A special case of Stokes' theorem is the divergence theorem, so check that one out.

$-\frac{1}{2} \int d^dx \partial_\mu \lambda^a \Delta^{\mu \nu} A_\nu^a = - \frac{1}{2} \int_{S^{d-1}} n_\mu \lambda^a \Delta^{\mu \nu} A_\nu^a + \frac{1}{2} \int d^dx \lambda^a \partial_\mu \Delta^{\mu \nu} A_\nu^a$

where $n^\mu$ are the components of the vector normal to the surface of the $S^{d-1}$.
Is that correct?

Then do we just say that this term vanishes because either $A$ or $\lambda$ vanishes at infinity. Which one is it though? Am I right in saying it would need to be $\lambda$ since we don't have an A term only derivatives of A?
Even if it is the $\lambda$ term that vanishes - I don't understand physically why it should?

Thanks.

 

[fzero]

$-\frac{1}{2} \int d^dx \partial_\mu \lambda^a \Delta^{\mu \nu} A_\nu^a = - \frac{1}{2} \int_{S^{d-1}} n_\mu \lambda^a \Delta^{\mu \nu} A_\nu^a + \frac{1}{2} \int d^dx \lambda^a \partial_\mu \Delta^{\mu \nu} A_\nu^a$

where $n^\mu$ are the components of the vector normal to the surface of the $S^{d-1}$.
Is that correct?

Then do we just say that this term vanishes because either $A$ or $\lambda$ vanishes at infinity.
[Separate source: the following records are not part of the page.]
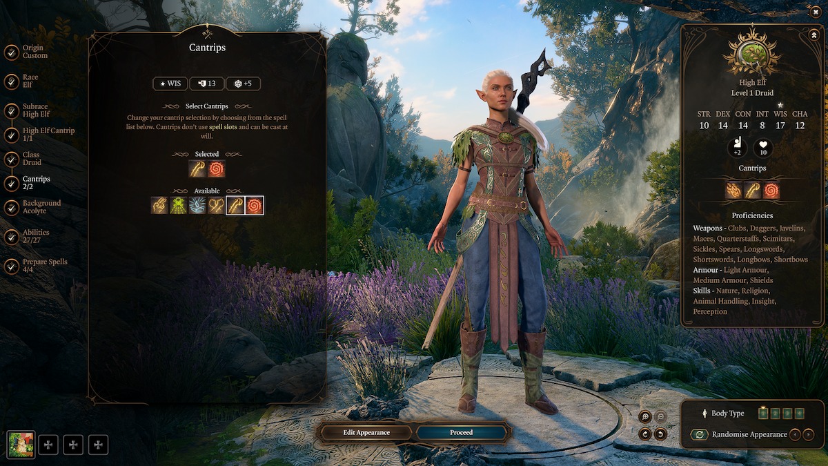 There are 13 Druid spells during Baldur’s Gate 3‘s character creation, and you can choose four:
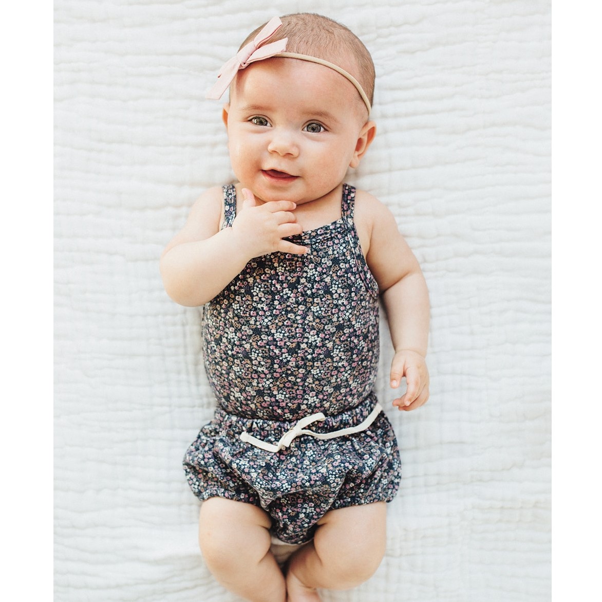 Jamie Kay winter floral singlet bodysuit, $29, and bloomers, $24.95, jamiekay.co.nz; Bonnie & Harlo fabric bow in dusty pink, $16, 2littlerascals.nz.
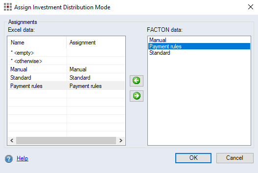 Then, the matching FACTON cost type, allocation type and distribution mode must be assigned to each value that contains this column in the Excel file.
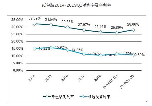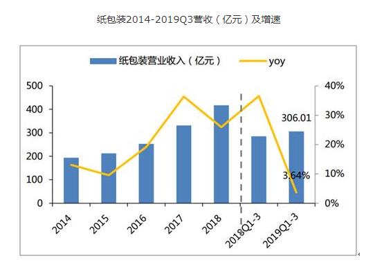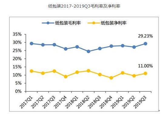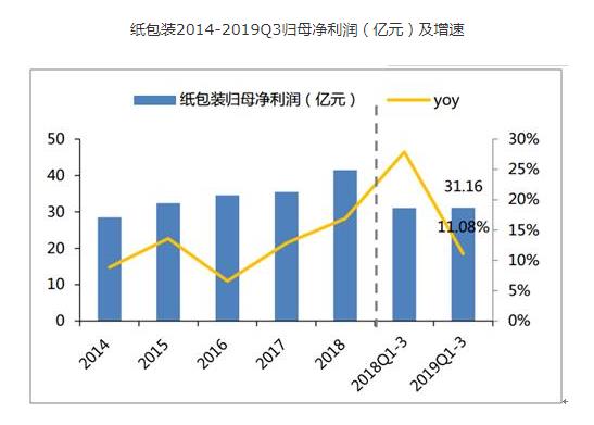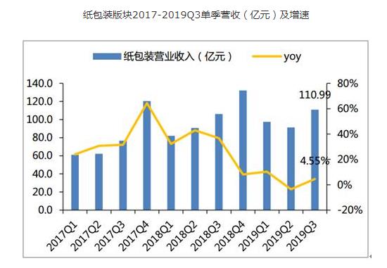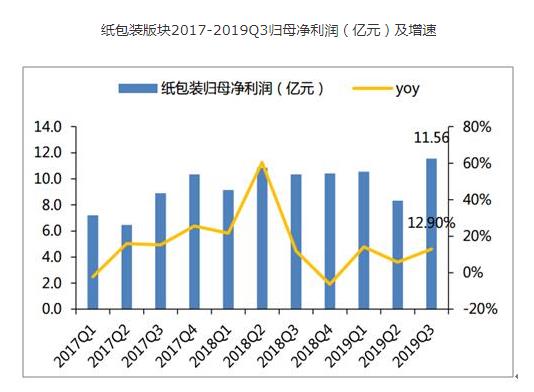2019Q1-3纸包装板块实现营业收入306.01亿元,同比+3.64%;实现归母净利润31.16亿元,同比+11.08%。
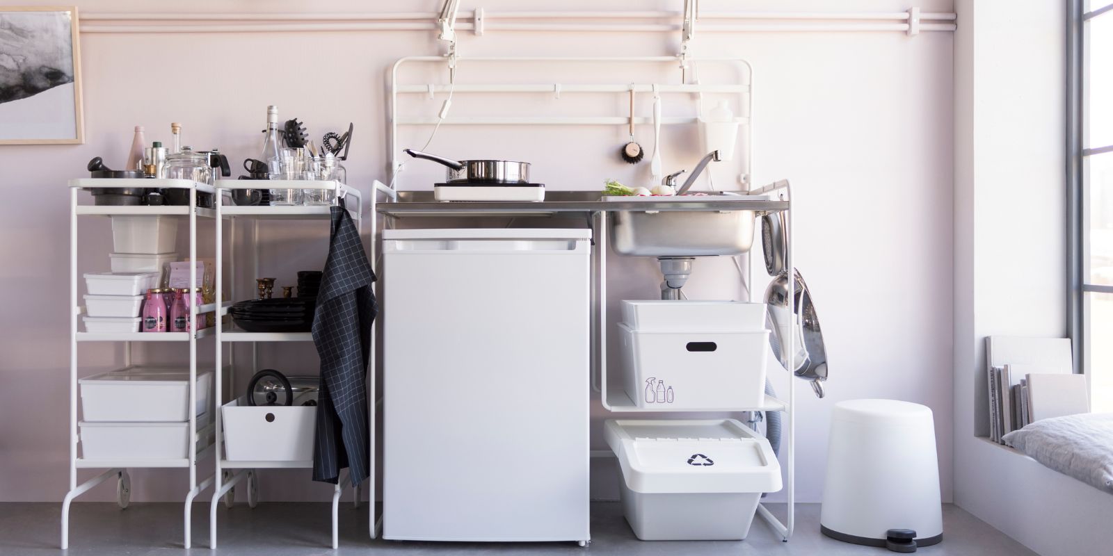 Si te falta espacio en la cocina, tranquilo. Puedes completar el almacenaje con los accesorios especialmente diseñados para tu pequeña cocina SUNNERSTA. Recipientes, ganchos, baldas o escurreplatos pensados para colgarse en la pared, ayudándote a tener la encimera despejada y todo lo que necesitas siempre a mano.
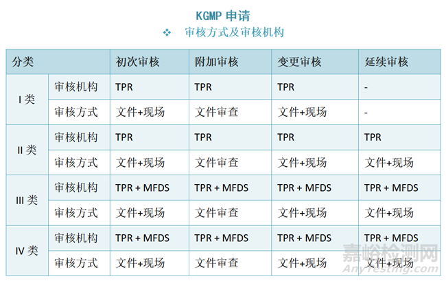 注:I類僅需符合KGMP條款4.1, 4.2, 5.5, 6.4, 7.1, 7.4, 7.5,7.6, 8.2.1, 8.2.2, 8.2.3, 8.2.6, 8.3, 8.5,其KGMP證書豁免定期延續(xù)審核,但仍需進(jìn)行變更或附加審核;II、III、IV類KGMP證書有效期為3年,到期前90天申請延續(xù)。
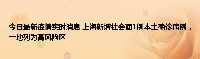 今日最新疫情实时消息 上海新增社会面1例本土确诊病例,一地列为高风险区
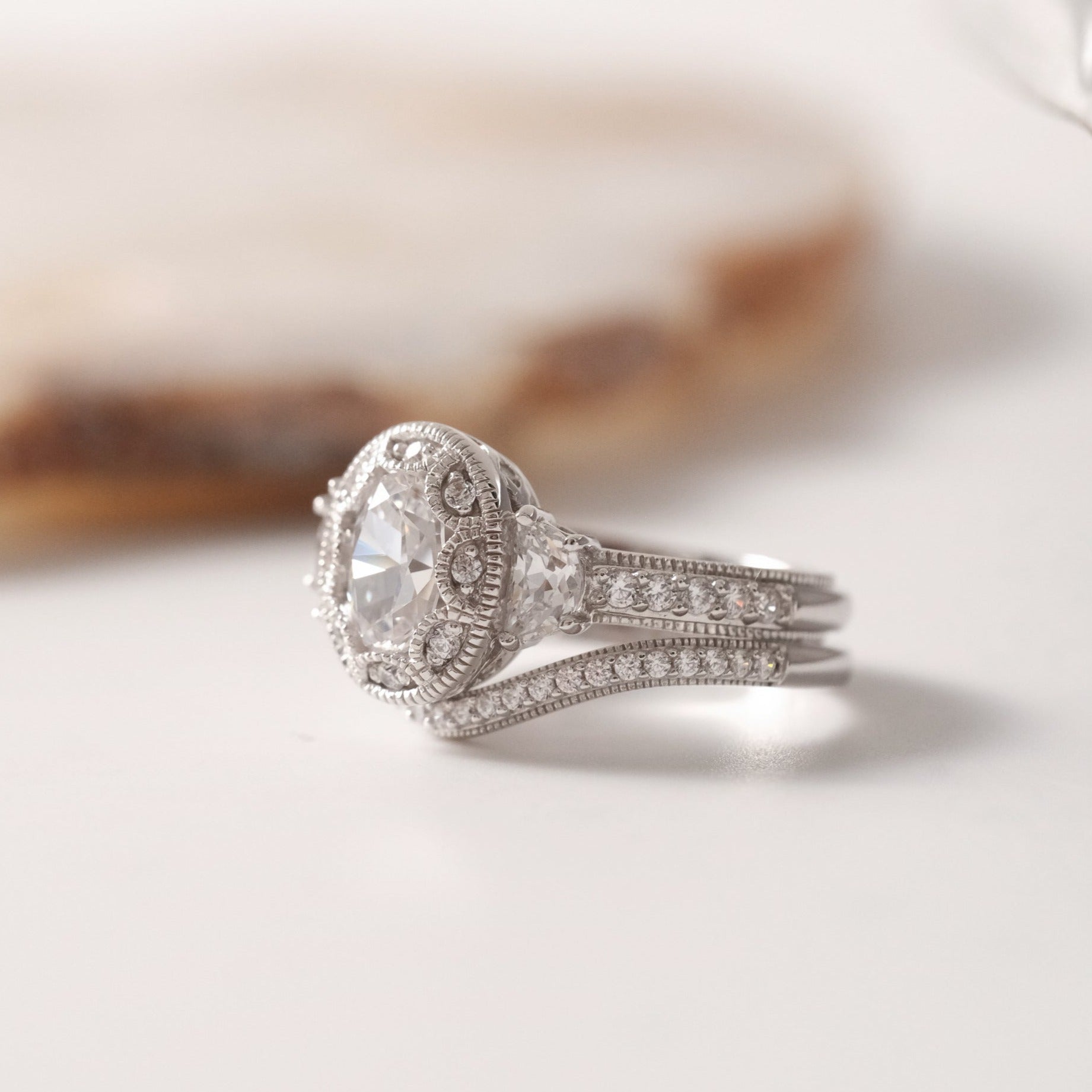 - Stone: Oval Cut, Half Moon Cut (5x3mm), Round Pave Set (1.1mm)
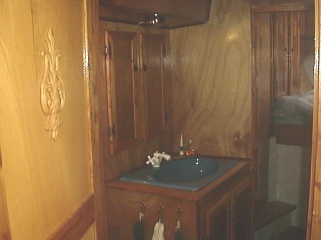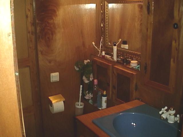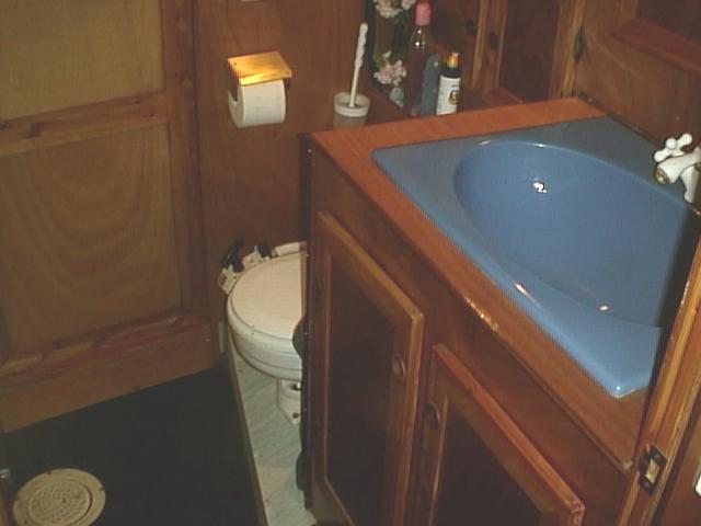 Toalettstol Handfat både sjö/färsk-vatten Dusch lärk och mahognyinredning
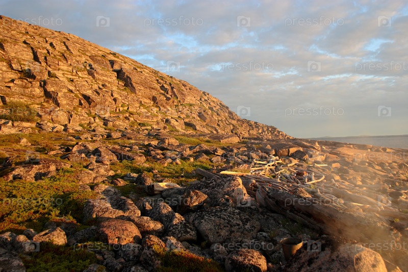 Остров Большая Нохкалуда в закатных лучах солнца.Вид 2. Белое море. Северная Карелия. Лето 2006 года

Which one is it though? Am I right in saying it would need to be $\lambda$ since we don't have an A term only derivatives of A?
Even if it is the $\lambda$ term that vanishes - I don't understand physically why it should?

Thanks.

We just require that the variation of the fields vanishes at the boundary. We're only considering infinitesimal variations, so we can do this.